The new treatment, which is in clinical trials now, is a recombinant protein that initiates a cascade of molecular and cellular events that leads to the proper development of hair, teeth and sweat glands, said Dr. Anand Srivastava, associate director of the JC Self Research Institute’s Center for Molecular Studies at GGC.

Prior to arriving at GGC in 1995, Srivastava identified the gene that causes EDA while he was a researcher at Washington University, according to the center. In the intervening years, he and a team of international colleagues continued to work on the condition.

The drug, which was developed by Edimer Pharmaceuticals, has been shown to correct some of the symptoms of the condition, officials said.

“This drug is showing great promise as a therapy and potential cure for patients with … EDA,” said Srivastava. “We are so excited that our work here at GGC has been instrumental in the understanding of this disease that has led to this breakthrough.”

Clinical trials began in 2012 that call for five doses of the drug administered intravenously during the first month of life, officials said.

“This is a great success story of a disease gene discovery leading to diagnosis and treatment,” said GGC director Dr. Steve Skinner, “and exemplifies the importance of partnerships between research laboratories, clinicians and industry to achieve treatment realities for many genetic disorders.”

Read more of the original article here.

16 thoughts on “Possible New Treatment for Ectodermal Dysplasia Through Research at Greenwood Genetic Center”

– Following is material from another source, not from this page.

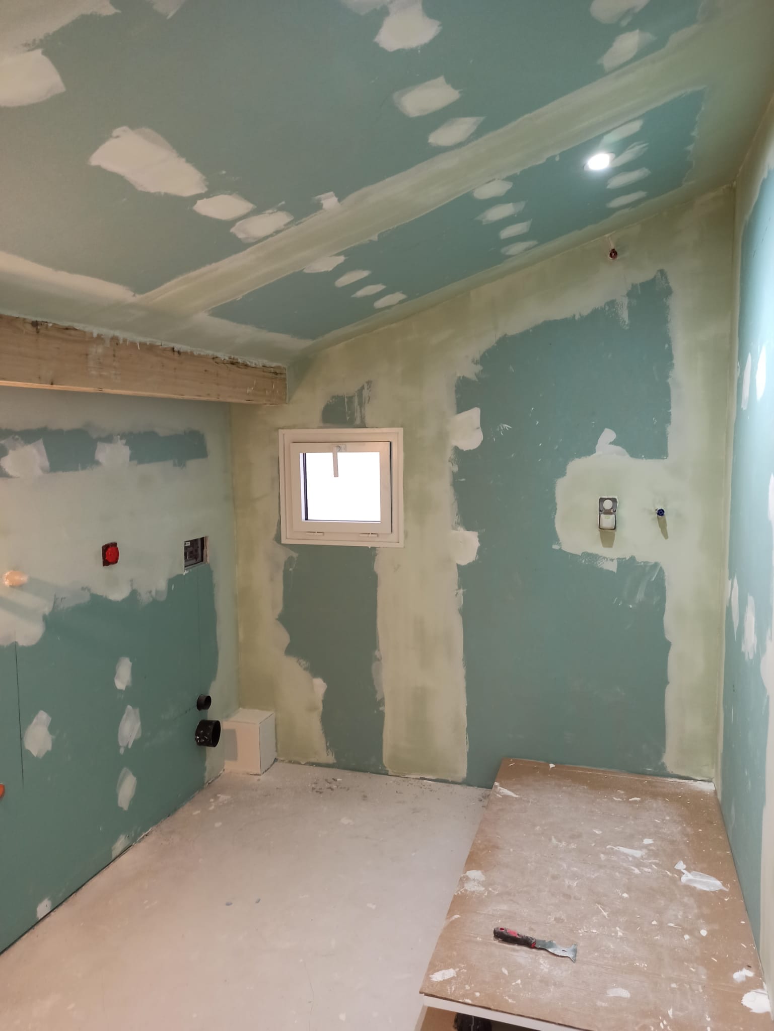 Chantier situé à Albi à Côté de l’hôtel Mercure boulevard de Strasbourg. Installation d’un interrupteur différentiel 30 mA triphasé et de deux disjoncteurs triphasé. Restauration complète d’un plafond impacté par un dégât des eaux. plâtre, enduit, sous-couche glycéro, peinture acrylique double couches.

  1. Mehmood Khawaja says:

    My son is carrying this problem, but since birth has shown some

  2. Mehmood Khawaja says:

    My son is having same problem, many consultants have told me to let it go like that coz it has no cure, but I know there is somewhere is the cure.
    Plz inform me about it and guide me in this regards as my son has proved a lot , teeth have come up and good amount of hair appeared on.head
    Waiting for ur guidence

  3. mehmood khawaja says:

    plz plz can anyone tell me about the treatment for my son
    I live in a country where its very hard to survive, electricity is a huge problem here, I can even afford air conditioner for him as doctors have suggested to always keep him in cool place
    plz do me a huge favour and guide me

  4. Rahul inamdar says:

    my son is with same above problem will I get an help

  5. bhuva says:

    My Boy baby also have this problem.
    Please tell where we will the treatment for this disorder.
    please help to cure from this.

  6. VERA GAMEZ says:

    I am a 53 years old female. I have been diagnosed with Ectodermal Dysplasia due to several conditions I have developed. I’d like to know where can I get information for treatment in Mexico or in the United States.
    I have hearing problems (deafness from skin thickening), thin hair
    and recently eye problems (dry eye, blepharitis, trichiasis, photophobia to mention some)
    I appreciate your advise.

  7. Ezia Paola Sasso says:

    Vi chiedo di poter accedere alla terapia sperimentale con EDI200
    cell. 3288785786

    Sesso: F / 49 anni
    Analisi molecolare mediante Next Generation Sequencing (NGS*)
    L’analisi molecolare ha evidenziato la presenza di due varianti di sequenza in eterozigosi
    (eterozigosi composta) a carico del gene EDAR (2q12.3):
    Esone 4 p.Asp67Gly (p.D67G)
    Esone 8 p.Ser238Gly (p.S238G)

  8. Paresh Thakkar says:

    My daughter has same problem it would be great help if there is cure can you plz help.

  9. Reiko Penunuri says:

    Hello, is there a current trail treatment? My son has been diagnosed and is 1 year 3 months. Thnx

  10. Hi, my daughter is 2yrs and has very pointy teeth. She is a happy little girl. When she started teething I noticed that her two bottom teeth were. Coming in pointy. I said maybe it would be only those two. But now it’s a full mouth of pointy teeth. It does not bother her and thank god she is not a bitter.
    It bothered me a lot. Being that she will start school soon. Just To see and hear the comments of others. I wondered what did I did. Could this have been prevented.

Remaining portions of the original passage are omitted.